On meditating anyway
I used to think meditating was boring. Mostly, I still do. But a few things have softened me up over time:
- Reading books by Tara Brach and Pema Chödrön, two meditation teachers. Their voices are so gentle. I especially love Tara Brach’s Radical Acceptance; I’ve read it twice and been brought back to earth both times.
- Listening to Tara Brach’s podcast. She alternates between posting talks and guided meditations. Sometimes I listen to her talks while I’m doing laundry, sometimes while walking through the park. They always leave me feeling like I’ve been to a church I believe in.

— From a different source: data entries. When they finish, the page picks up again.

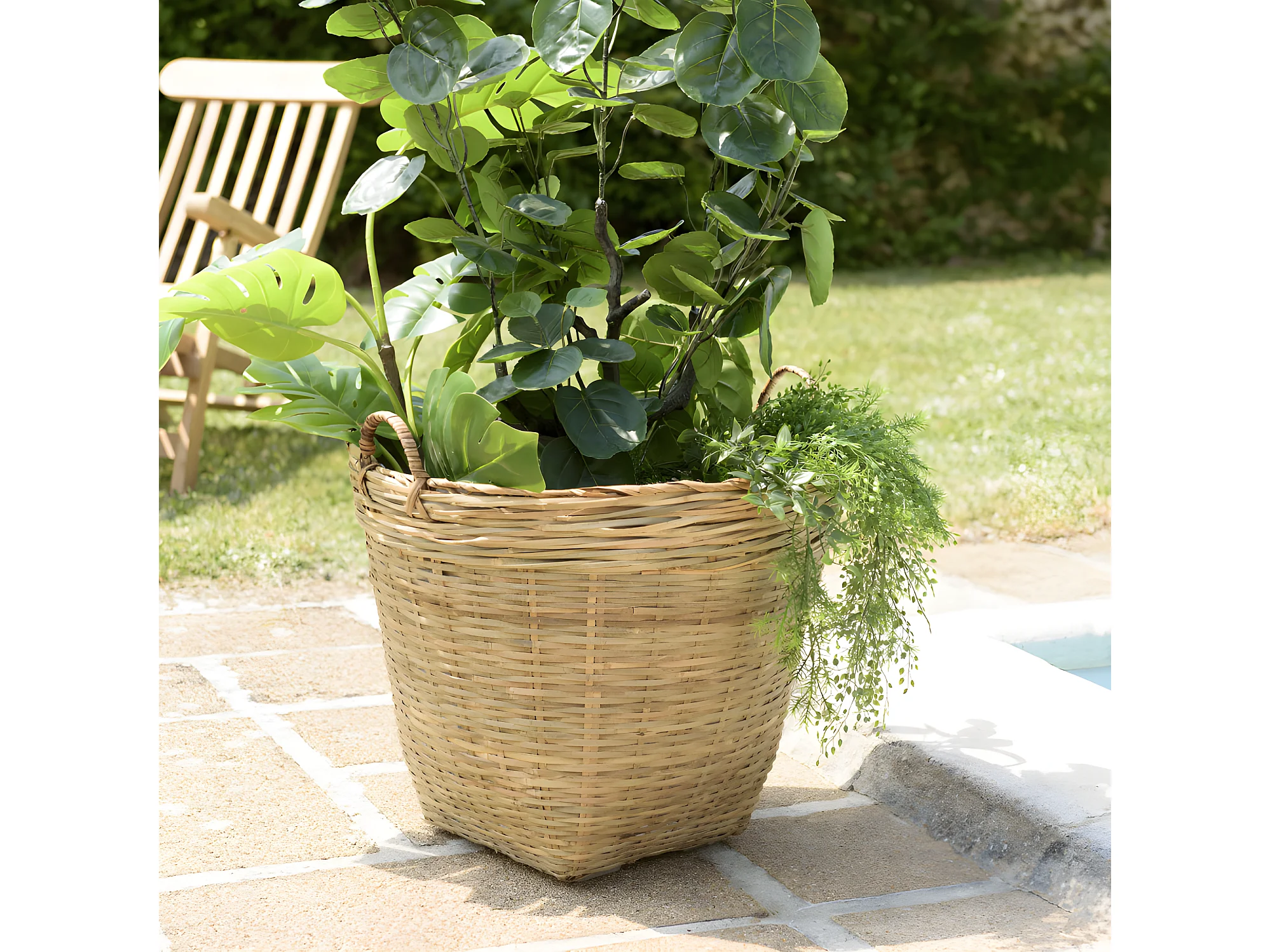 HANS - Pot de fleur rond 60x60cm en bambou naturel avec anses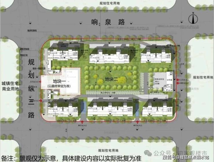 在商品住宅方面,共规划415套房源,户均113.8㎡。建筑形态方面,规划6栋15-17层中高层住宅。项目规划434个机动车停车位,其中地下车位配比为1:0.9。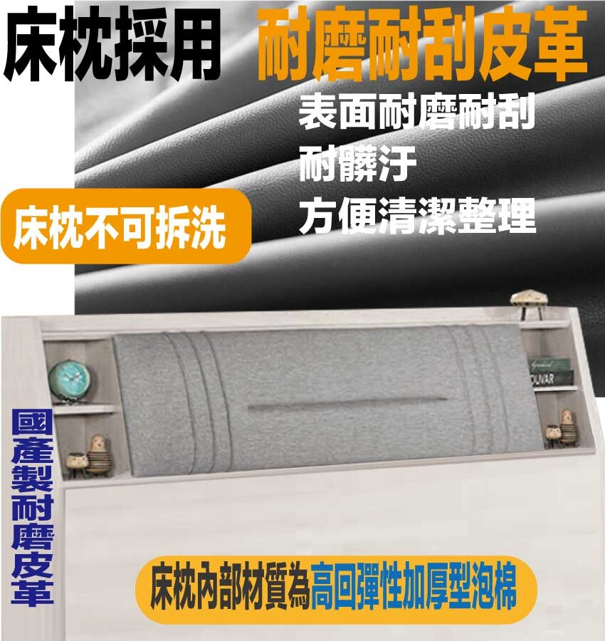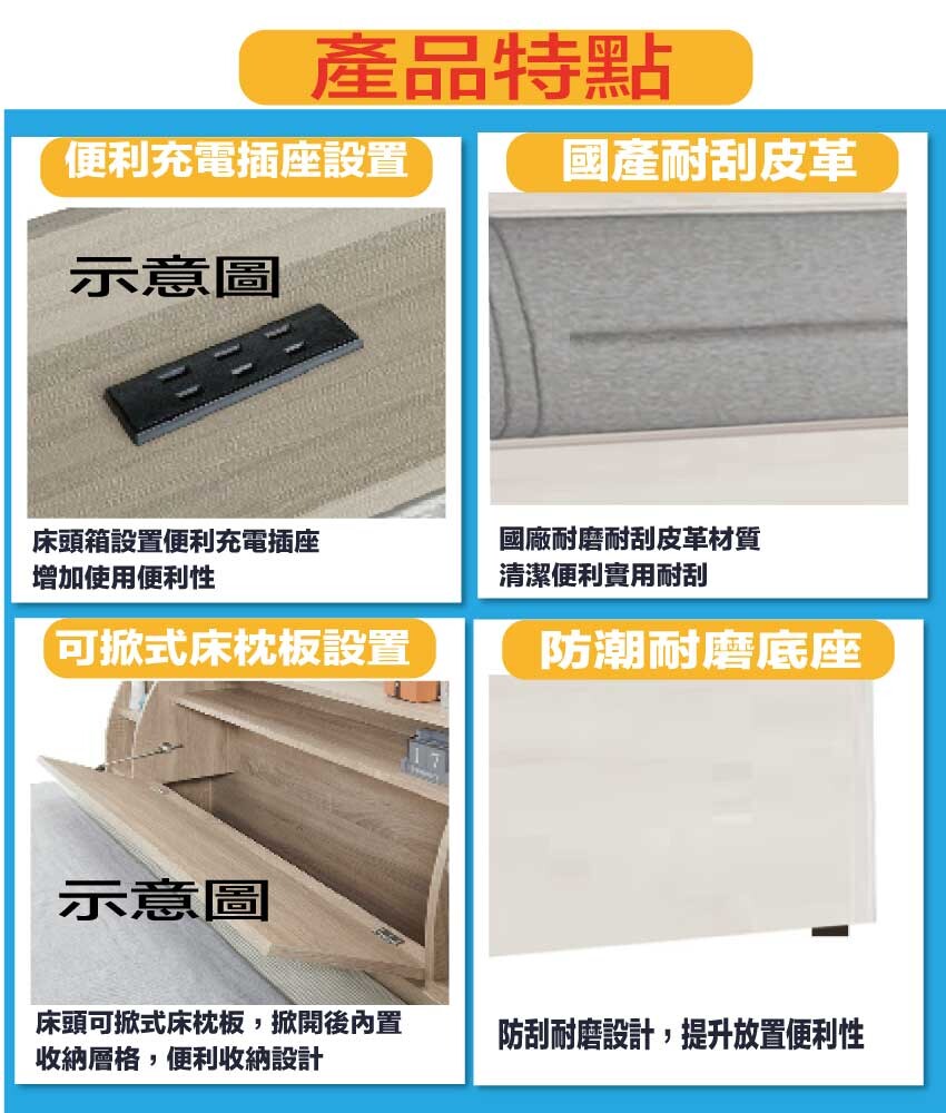 採用防蛀木心板+防潮耐磨底座+耐磨耐刮皮革+高回彈泡棉等安心材質製造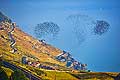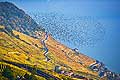 10400 - Photo : Suisse, Vol d'étourneaux sur le vignoble de Lavaux et le Lac Léman - UNESCO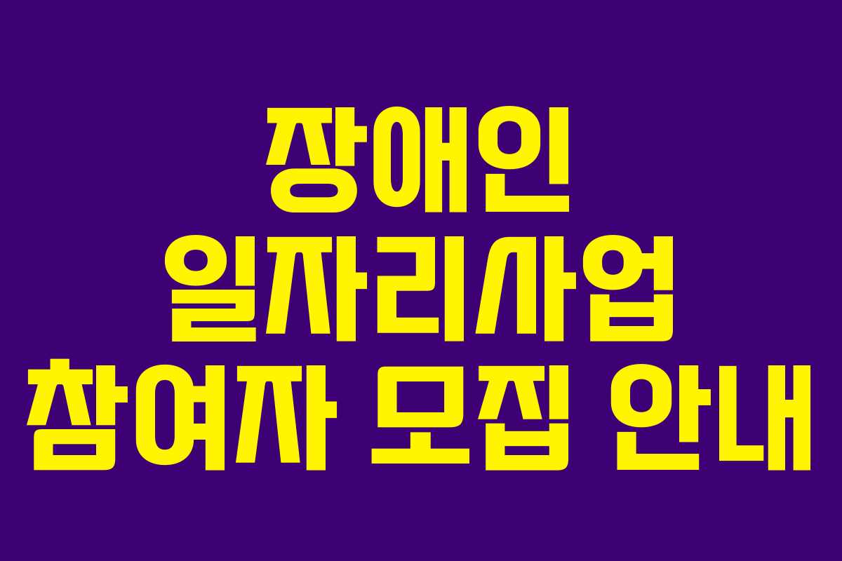 장애인의 사회참여를 확대하고 소득 보장을 위한 장애인 일자리사업에 참여할 신청자를 모집합니다. 본 사업은 장애인이 자립적인 생활을 할 수 있도록 지원하는 프로그램으로, 자세한 내용은 아래를 참고하시기 바랍니다.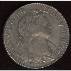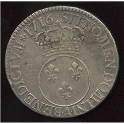 de France, Louis XV, 1719P. The date is off the planchet on the reverse, but appears upside down beneath the bust on the obverse. G & D 297. Fin...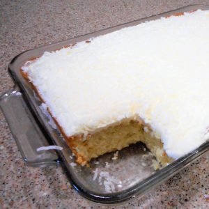 8. Spread frosting over cooled cake and sprinkle with remaining coconut. Refrigerate for 2 hours before cutting. Store in the refrigerator.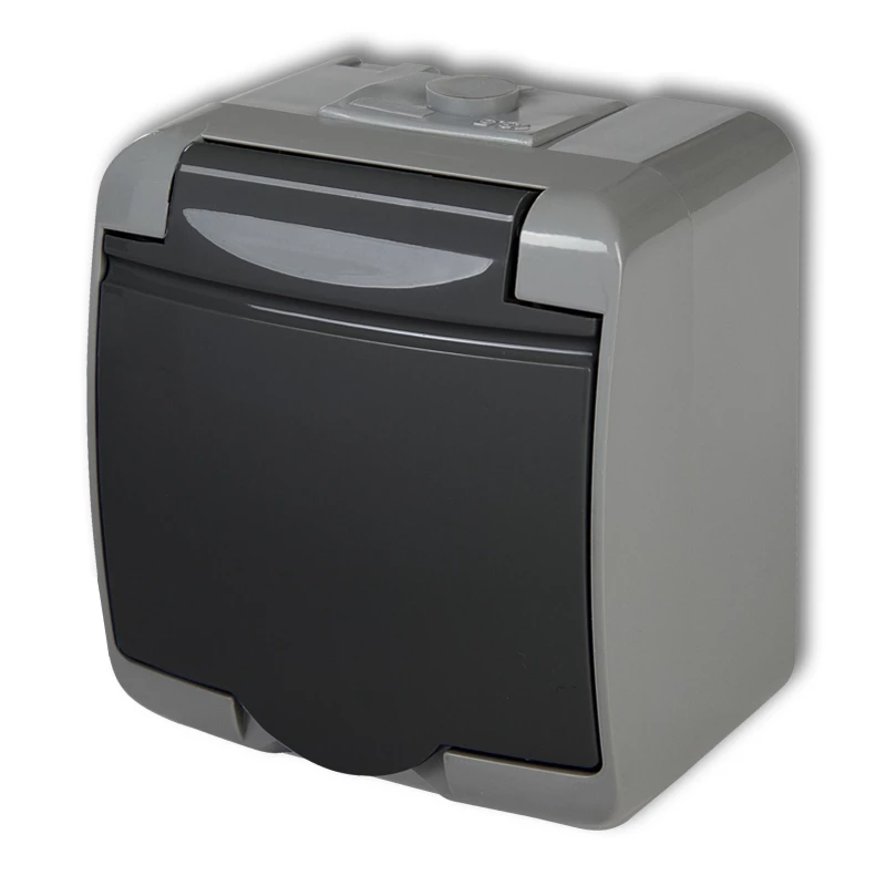 JUNIOR Gniazdo pojedyncze z/u (klapka dymna) popielaty IP54 10GHE-1d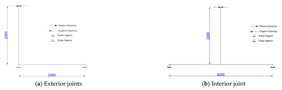 The boundary conditions of the test specimen (shown in Figure 5) were established based on Wang’s proposed seismic analysis model for rectangular tunnels []. In this configuration, the connection zone was supported by a hinge, while the right side of the specimen was a horizontal roller. Considering the very small axial compression ratio of only 0.05 in the prototype of this study, the tests eliminated the vertical loads.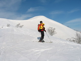 | 宴会にはまだ早いので頂上周辺で少し遊ぶ事にした^^ あたりを滑降したり、ビーコンで宝探しゲームをしたりして遊ぶ^^ 風も強くなく気温もプラスでとても2月とは思えないのんびりムード。 宴会でちゃんこ鍋を楽しんだら、こんどは午後の遊びタイム^^ 今度は北面の大日谷で遊ぶ。パフパフまでもいかないまでもかなりの雪質でとても楽しい^^ 谷が狭まってきたところで滑降をやめ再びシールをはって登り返す。 頂上まで戻ってきたところで残念ながらタイムアウト。 シールを剥がして下り開始。 今日は他にもたくさんの人があり路面はだいぶ荒れている。 滑降も少しは慣れてきてコケる回数もだんだん減ってきたのでうれしい^^ しかし、こまめに変わる雪質にバランスをとるのがまだまだ経験が必要だ。 前大日は階段登行で登り再び滑降で下る。 前を滑るかっきーがつんのめって顔からコケたので「イェーイ」と笑ってると 僕も同じ場所でつんのめって顔面制動^-^; まだまだ、急に重くなる雪質に対応できてない・・・ 高鷲スノーパークの頂上レストランが近づいてくると、そろそろ到着。 ゲレンデに飛び出て、そのままダイナランドスキー場に戻る。 今回はお天気にも恵まれてとても楽しい山行が楽しめた^^ 最後にスキー客だらけのゲレンデを滑り降りて終了。。 今回お初でしたTOMYさんをはじめ、かっきー、こてっちゃんどうもありがとう^^ 楽しい思い出がまた出来ました^-^ |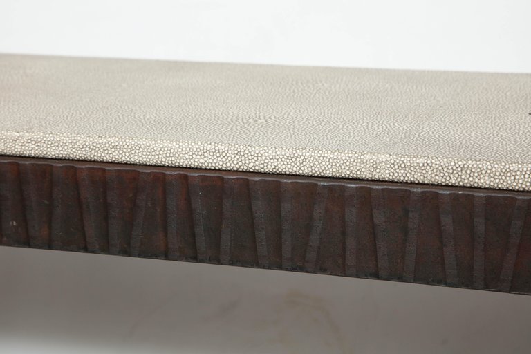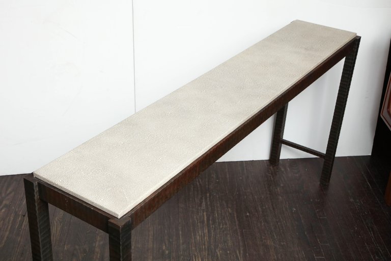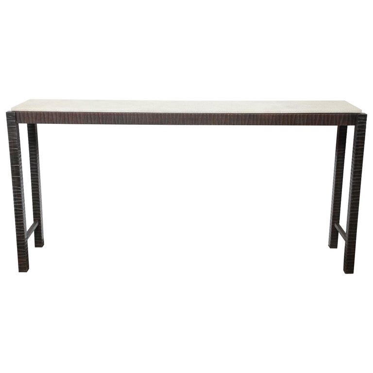 Custom ostrich embossed Edelman leather console with hand forged patinated steel base and leather wrapped drop in top. Customization is available in different sizes and leathers/fabrics.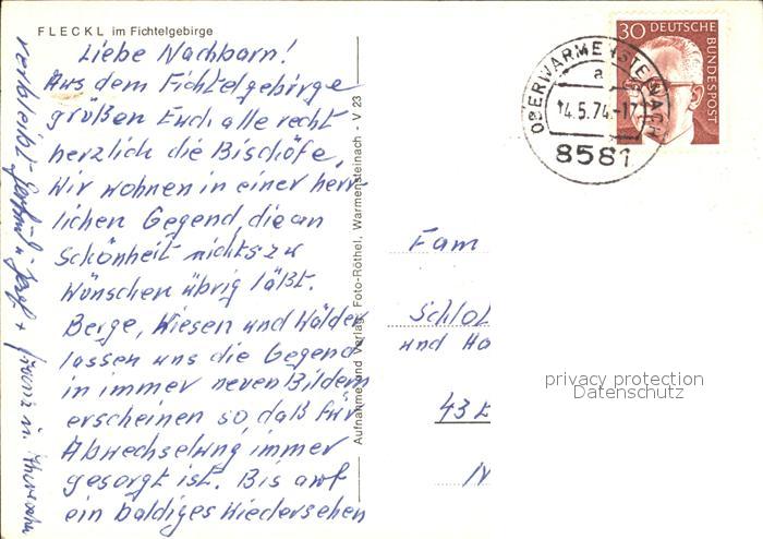 72525757 alte Postkarte Fleckl Teilansicht Fichtelgebirge postalisch gelaufen Erhaltung siehe scans KatCode: 11110009472198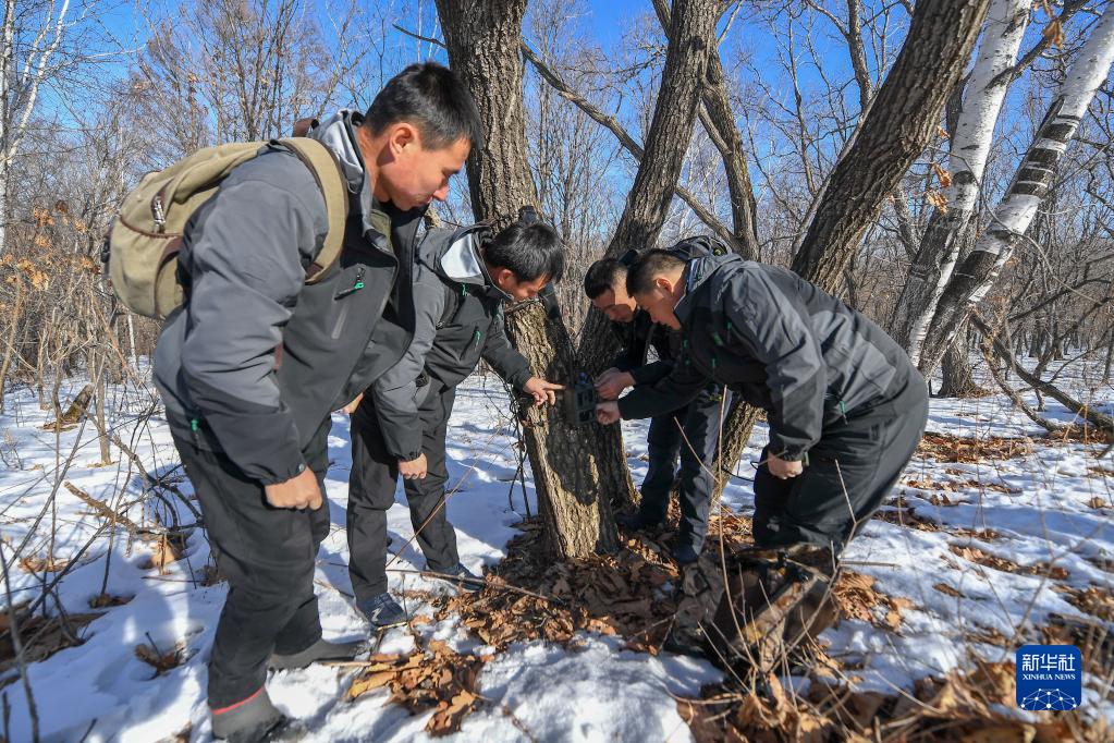 2月23日,巡护员王俊江、黄幸运、郎辉和徐衍春(从左至右)调试监测相机。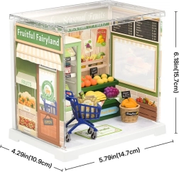 Otkrijte svijet minijatura s detaljno izrađenom trgovinom voća i povrća. Slagalica u mjerilu 1:26 kombinira drvo, papir i plastiku, pa gotov model izgleda realistično i stabilno čak i bez upotrebe ljepila ili alata. Idealno za ljubitelje DIY projekata koji traže miran odmor i smislenu zabavu.
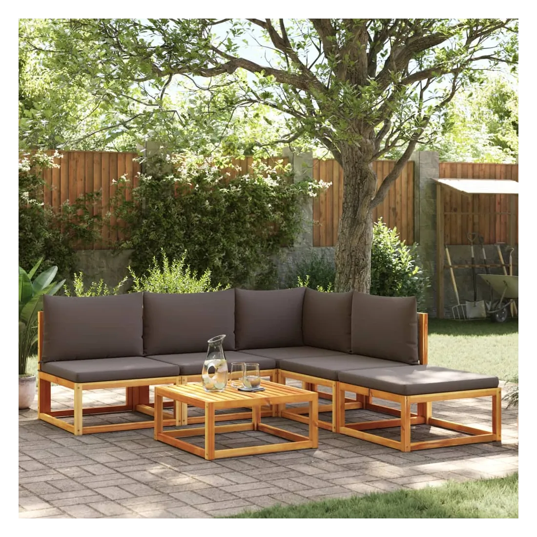 Ensemble de canapés de jardin 6 pièces avec coussins en bois d'acacia et rotin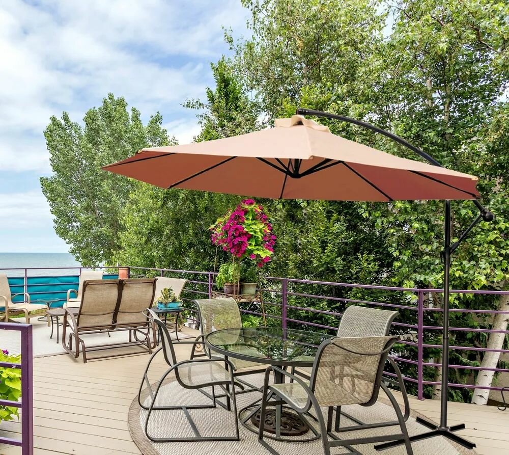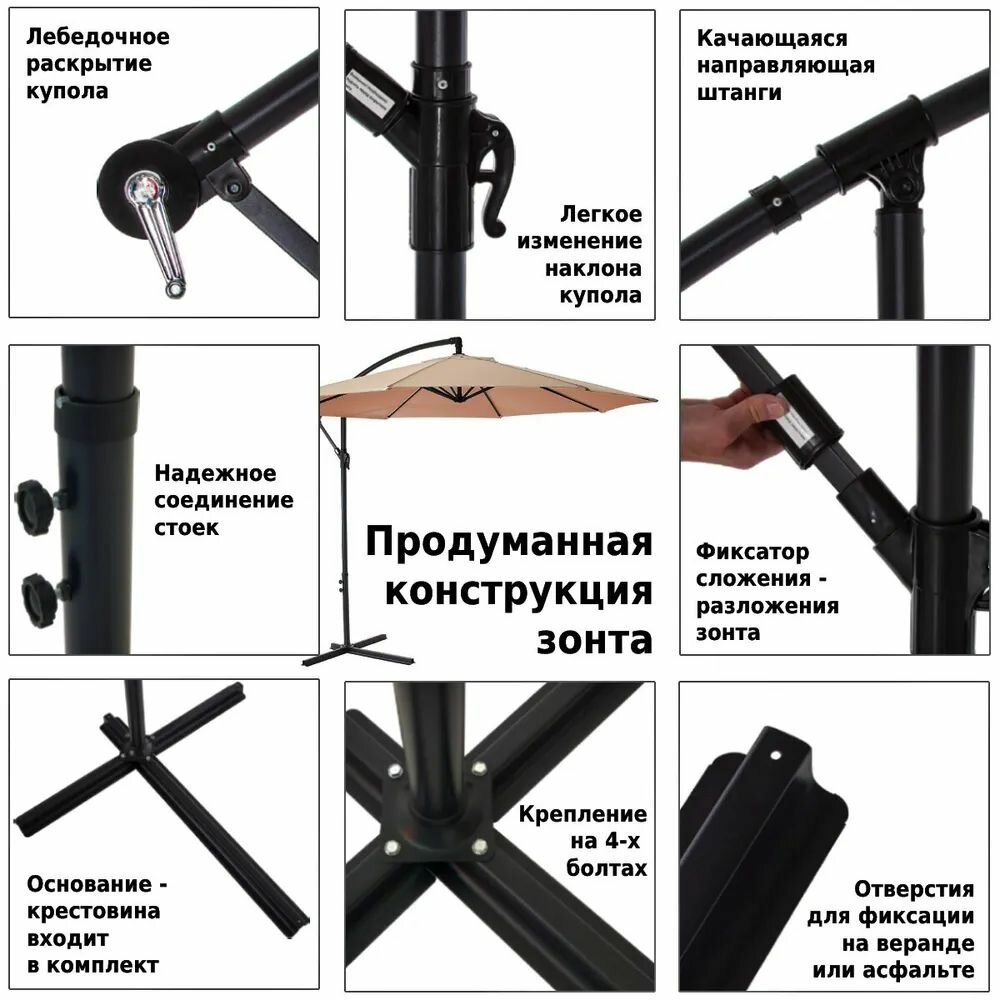 Большой зонт Green Glade – незаменим для отдыха на даче, загородном участке и около бассейна. Он защитит вас и ваших детей от яркого солнца и создаст комфортную тень. Купол зонта легко открывается с помощью лебедки. Благодаря центральному расположению стойки под куполом по сторонам можно установить любую пластиковую мебель: от шезлонга до обеденного стола.

- Using Headspace and Insight Timer on my phone. When my interest in meditation briefly surges, I’ll often resubscribe to Headspace. And then a few months later, there’s a sad moment when I see the charge come through and realize I haven’t used it in ages. What’s nice about Insight Timer is that it’s free and full of shorter meditations. Tara Brach’s guided meditations are perfect for when I have twenty minutes to spare. But if five or ten minutes feels like all I can manage, Insight Timer does the trick.
When I meditate at all, I do it first thing in the morning while still snuggled up in bed. The thing that helps there is bringing my AirPods up to my nightstand before I go to sleep, so that I can listen to a guided meditation as soon as I wake up without waking Erik.
I listen while still snuggled in bed instead of sitting up straight, and my mind does all sorts of acrobatics along the way. Maybe it’s not that meditation is boring—it’s that it’s no fun to be bad at something. But I’ve taken to heart that being good at meditating isn’t the point. The point is to try to stay still and notice, without judgment, how my mind moves.